Last
weekend, after Abe's crew practice and Ruby's soccer game, we packed the whole
family (visiting grandparents included!) into the car and drove an hour north
to Sonoma Valley to Oscar's friend Eli’s birthday party. Oscar had been
talking about the party – a baseball game and swimming – for weeks. He couldn’t miss it.
Oscar
and Eli had bonded at school over their sports fanaticism. Oscar, an Oakland A’s and Warriors fan,
had finally found someone else who devoured the sports section every morning, someone
else willing to talk trades and records and stats for hours. Oscar was even able to accept that Eli
is a Giants’ fan, something that might have been a deal-breaker a few years
ago. (“Yeah, but he likes the A’s too, Mom,” Oscar would add.)
We
pulled up the gravel driveway and spotted the “baseball field" off to the
left. Oscar leaped (yes, Oscar leaped) from the car and ran across the grass.

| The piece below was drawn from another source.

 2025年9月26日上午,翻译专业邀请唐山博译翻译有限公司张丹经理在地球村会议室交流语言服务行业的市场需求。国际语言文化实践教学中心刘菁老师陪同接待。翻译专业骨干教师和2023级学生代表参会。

"Eli! I'm here! I made it, Eli!!" The big game was already
in progress, but I could hear several enthusiastic calls of "Hi
Oscar!!" There may have been some high fives.
Abe
and Ruby joined in and next thing I knew Paul was pitching and Grandpa was
taking pictures. It didn't matter how many pitches someone needed - everyone
got a hit. Paul expertly bobbled a
few catches, and then Oscar's friend Eli smashed one past the outfielders and
several runs came in. GrandMary and I sat with other parents on the deck
stairs by the pool, chatting and looking out at the vineyards and surrounding
hills. And I pretended that it was always this way. That Oscar was always
so engaged, so included, without any scaffolding or prodding. That I didn’t need to be standing on
the sidelines making sure he was following along and that no one was getting
frustrated with him.
Oscar
has made great strides socially this year, and has some genuine
friendships centered mostly around a shared interest in sports and music. I know why -- his teachers work on
social skills every day, in the classroom, in social skills groups, and in one
on one sessions. He, like most people with PWS, has needed to be taught every
little aspect of interacting with others. The consistent school-wide push has
been crucial. And, importantly,
Oscar’s peers at school, a school for kids with learning differences, are
well-matched for him. As the head
of the school says, these peers “mirror and match” Oscar’s skill set. There is
a nice balance of kids who are working on the same things that he is, and
others whose strengths are his weaknesses. The mix means that Oscar fits in, but also has models.
Years
ago, when we attended our first Prader-Willi conferences, many of the speakers
emphasized the importance of social skills. Those conferences were packed too with strategies for navigating
food and behavior, the benefits of growth hormone intervention, information on
managing GI issues, plus tips for supporting gross and fine motor development. I couldn’t absorb it all. Raising a child with PWS is a
never-ending triage situation.
There were years when social skills were the priority, and others when
scoliosis or GI issues took the front seat. I can’t look back and wish I’d pushed harder earlier. But I am happy to see him so engaged
now, so interested in connecting with friends, and able to carry on a conversation
of more than two exchanges about something other than just his favorite topics.
I wish I could post a photo of Oscar with one of this friends, but I'm hesitant to without permission. So, instead, here is Oscar with his favorite furry friend -- his cousin A's dog Penny. (Penny, you're famous! And thanks to Grandpa for this and probably every other photo I've posted.)
He is growing into such a gorgeous young man!